Il kosovaro è stato rinviato a giudizio su richiesta del pubblico ministero Pietro Montrone. Il giovane, difeso dall’avvocato Alessandro Giadrossi, ha chiesto il rito abbreviato. Il suo caso sarà discusso a febbraio. Ma dalle testimonianze della moglie è stato possibile ricostruire cosa accadeva tra quei quattro muri di casa. La donna e il bimbo vivevano nel terrore.

Tutto è cominciato circa tre anni fa, a partire da metà del 2014. L’uomo minacciava di continuo la sua compagna, dicendo che se lei lo avesse lasciato lui si sarebbe portato via il figlioletto. Un bimbo appena nato, di qualche mese soltanto. Le tensioni tra i due non si sono mai fermate. Qualche mese dopo, il kosovaro è passato dalle parole ai fatti.

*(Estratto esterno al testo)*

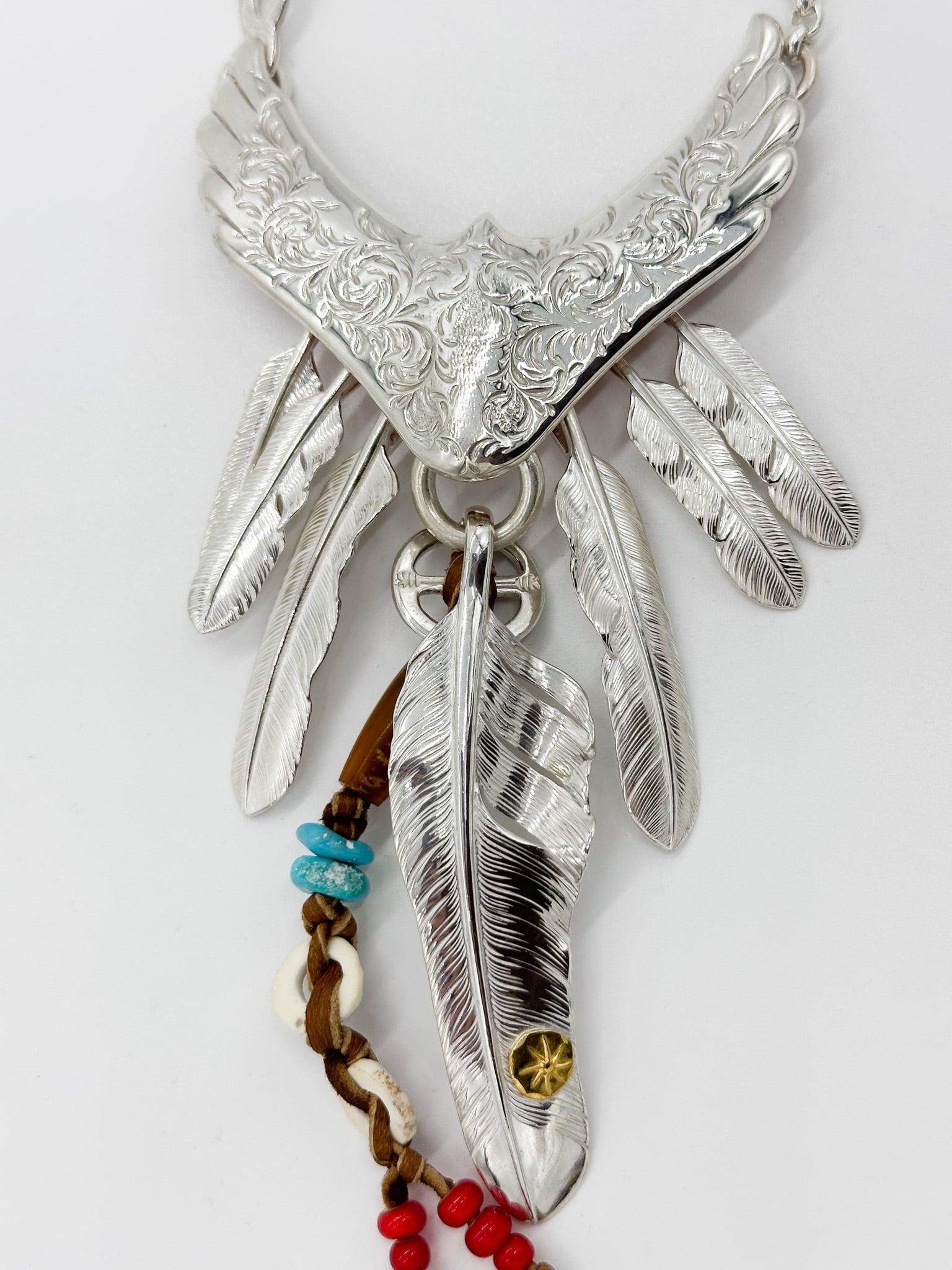 唐草大イーグルをメインに。そしてフェザーも惜しげもなく装着した豪華なカスタムネックレス。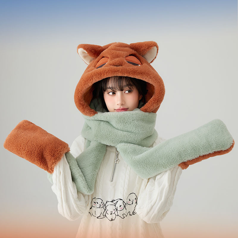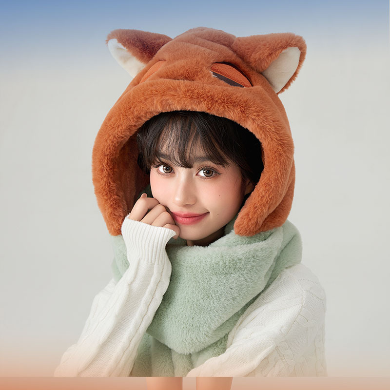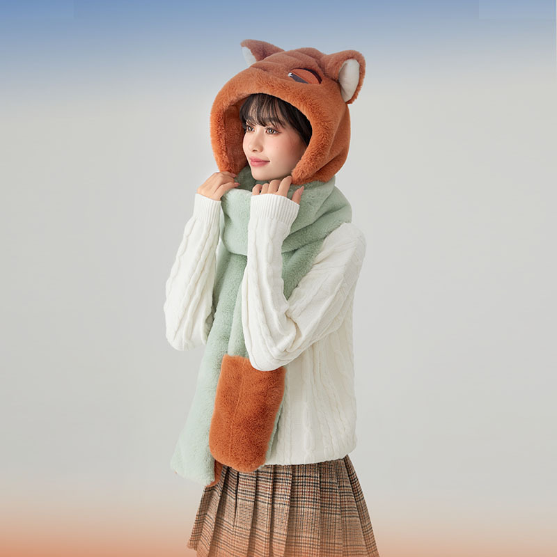 | nameOriginal | Hat Autumn and Winter Women's Three-piece Set Plush Hooded Scarf One-piece Nick Cartoon Warm Belt Gloves Ear Protection Scarf |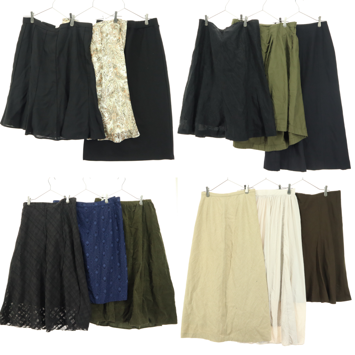 古着 まとめ売り 16点 レディース 秋冬 カジュアル サイズLL-3L スカート プリーツ タイト フレア ロング ミディアム ミモレ チェック柄

Siamo nel gennaio del 2015 quando cominciano gli episodi più pesanti che hanno portato alla denuncia. Durante un litigio il marito perde il controllo e afferra per il collo la donna, gridandole che l’avrebbe ammazzata. Pianti, urla. Tutto dinnanzi agli occhi terrorizzati del bambino. Così l’anno successivo. È maggio: la moglie trova un sacchetto pieno di marijuana nei pantaloni del compagno. Lui se ne accorge, oppure è proprio lei, contrariata ad abitare in una casa in cui si nasconde stupefacente, a farglielo notare. L’uomo si arrabbia moltissimo e ancora una volta, come aveva fatto nei mesi precedenti, si avventa sulla donna e la agguanta alla gola. E di nuovo la minaccia di morte. «Ti uccido». Ancora urla, ancora pianti. Il bimbo che osserva tutto. Questo succedeva nei momenti di crisi, durante le liti furibonde tra i due. Ma la quotidianità non era di certo più felice. Tutt’altro. Il marito si rifiutava anche di aiutare la compagna nelle spese di ogni giorno. Niente soldi, neppure per sfamare il figlioletto.

Ma il giovane kosovaro fa addirittura di più. Siamo a febbraio di quest’anno: dalle parole l’uomo passa ancora alle mani. In almeno un episodio lui la afferra per i capelli, tirandoglieli violentemente. «Ti uccido, ti uccido», sbraita. E sempre davanti al figlio. La presenza del bimbo, durante i maltrattamenti, è una costante. Ed è un’aggravante destinata a pesare sul processo. L’udienza a febbraio.